* [ACTIVITY]: Would you repeat the whole listing exactly, pictures excluded?

* [INFORMATION SUPPLIED]:

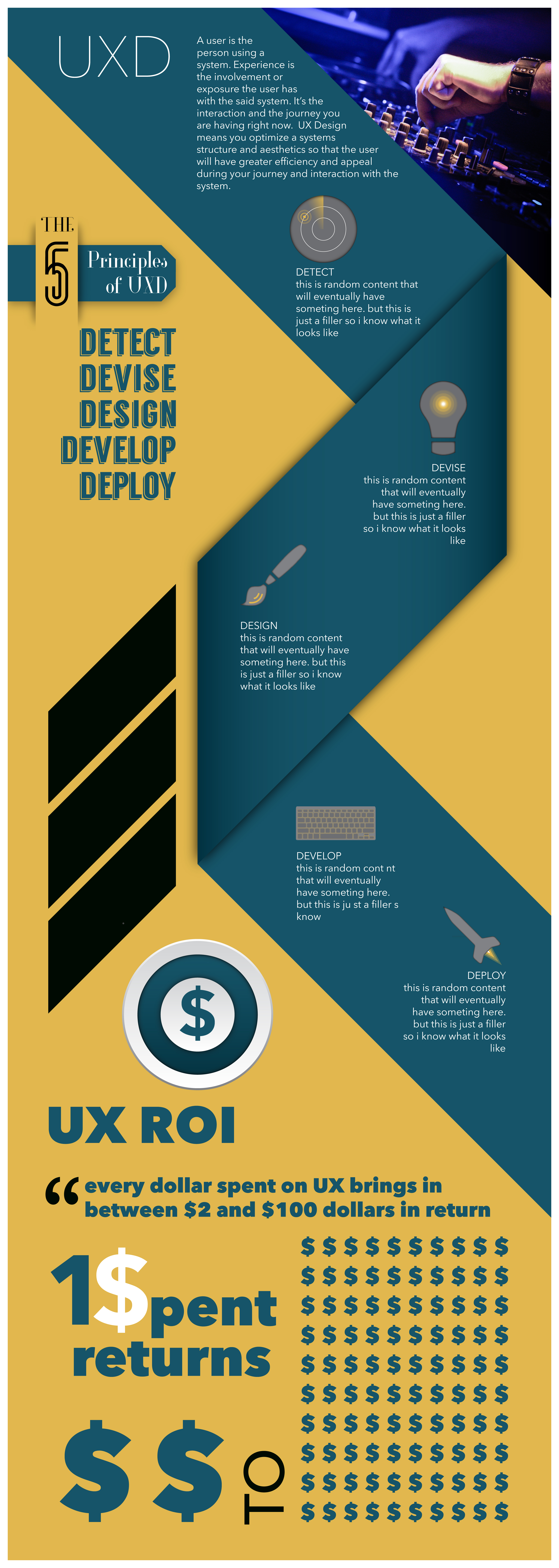 For this stage of the project, we are to refine our infographic with improved vectorized graphics and create a stylized graph or chart. I wanted to keep the graphics to compliment and be consistent with one another. So I used a philosophy of icons, but creating them in a bigger scale. I wanted to add a touch of color accents to them too, and chose to stick with the overall dominating color for it. I think it works perfect, as long as the vector graphics stay on the ribbon. I think there is a lot of refining to do however, i feel that my graph need a major change, to lure you to see the benefits of UX. I also need to work on some textual hierarchy and fix the radar so that the light source in it points downward 45 degrees, therefore leading your eyes to the next element.
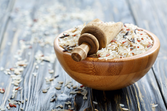 Yellow rice and spices on dark background
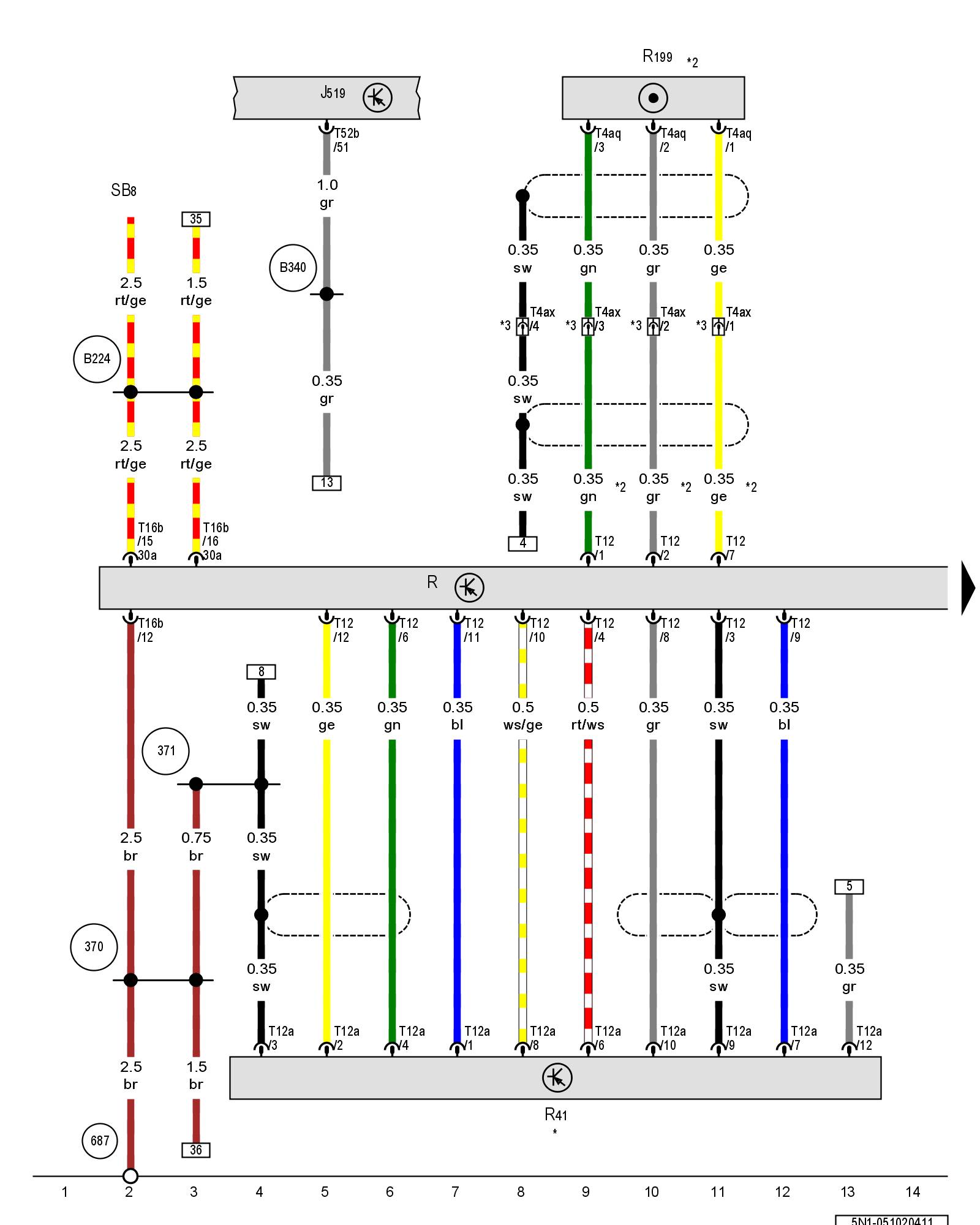 (B224) - Radio connection 1 (in interior wiring harness)

* [EXERCISE OUTPUT]:
 For this stage of the project, we are to refine our infographic with improved vectorized graphics and create a stylized graph or chart. I wanted to keep the graphics to compliment and be consistent with one another. So I used a philosophy of icons, but creating them in a bigger scale. I wanted to add a touch of color accents to them too, and chose to stick with the overall dominating color for it. I think it works perfect, as long as the vector graphics stay on the ribbon. I think there is a lot of refining to do however, i feel that my graph need a major change, to lure you to see the benefits of UX. I also need to work on some textual hierarchy and fix the radar so that the light source in it points downward 45 degrees, therefore leading your eyes to the next element.
 Yellow rice and spices on dark background
 (B224) - Radio connection 1 (in interior wiring harness)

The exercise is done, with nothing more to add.